My external user table consists of id, username, password, salt, email, real_name. I thought it could be because of seperate password and salt fields, so I tried to implement salt in ExtAuthDB.php file manually. Unfortunately, it didn't work either. Then I commented this line.

Answer 1

I was able to setup SSO (Single sign-on) from WordPress to media wiki using OAuth 2.0 server, I have posted my solution on this post

Or you can follow these steps:

1. First you need an OAuth 2.0 server, you could implement it your self see details here Run your own OAuth 2.0 Server or the easiest way is to use the WordPress plugin WP Oauth 2.0 server you don't have to buy the pro, you can also implement SSO by using the Grant type Authorization codes which comes free.

2. You need OAuth 2.0 client extension installed on your media wiki, the extension can be found here, follow the installation instructions there.

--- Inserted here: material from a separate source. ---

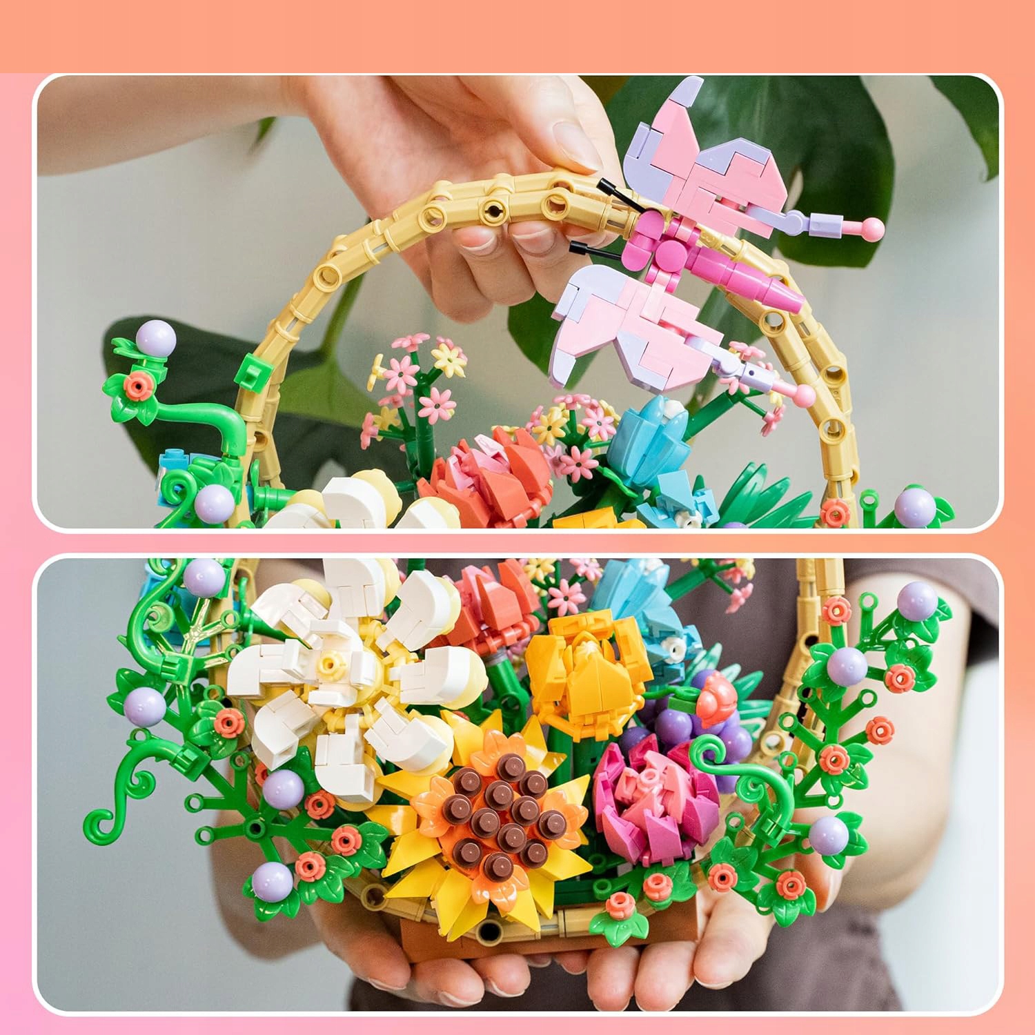 🌸 Яркие цвета и стильное оформление:каждый цветок украшен красочными детализированными блоками, передающими суть настоящих цветов. Собранная цветочная корзина станет стильным декоративным элементом для вашего дома и привнесет дыхание естественной красоты в любую комнату.

3. Go to WordPress plugin page and activate OAuth server, then navigate to OAuth Server and add a new client, give your client a name and in Redirect URI add the link mention on the media wiki extension page i.e http://your.wiki.domain/path/to/wiki/Special:OAuth2Client/callback, then go to OAuth>clients page where you can see your newly created client, click edit and here you can see clientID and Client secret add this ID and secret in the localSettings.php of your media wiki.

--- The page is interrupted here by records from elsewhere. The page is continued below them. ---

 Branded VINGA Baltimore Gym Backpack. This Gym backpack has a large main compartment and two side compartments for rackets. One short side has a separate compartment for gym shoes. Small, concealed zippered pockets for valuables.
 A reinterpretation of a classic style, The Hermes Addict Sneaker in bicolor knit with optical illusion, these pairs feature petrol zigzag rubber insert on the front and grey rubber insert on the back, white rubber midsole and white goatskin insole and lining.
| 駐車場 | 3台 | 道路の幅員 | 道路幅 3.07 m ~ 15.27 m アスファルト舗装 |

4. Create a page on WordPress and put the following button with your client id in it

   < a href="https://your-Domain-Where-OAuth-server-is-running.de/oauth/authorize?response_type=code&client_id=YOURCLIENTID&state=RANDOM-STRING&scope=basic"> go to wiki</a> don't forget to put scope otherwise you will get a media wiki internal error.

5. If everything worked fine then you should automatically go to the media wiki main page after clicking this button from your WordPress. media wiki will show you as logged in. It took me some time to figure it out I hope this helps anyone who comes here.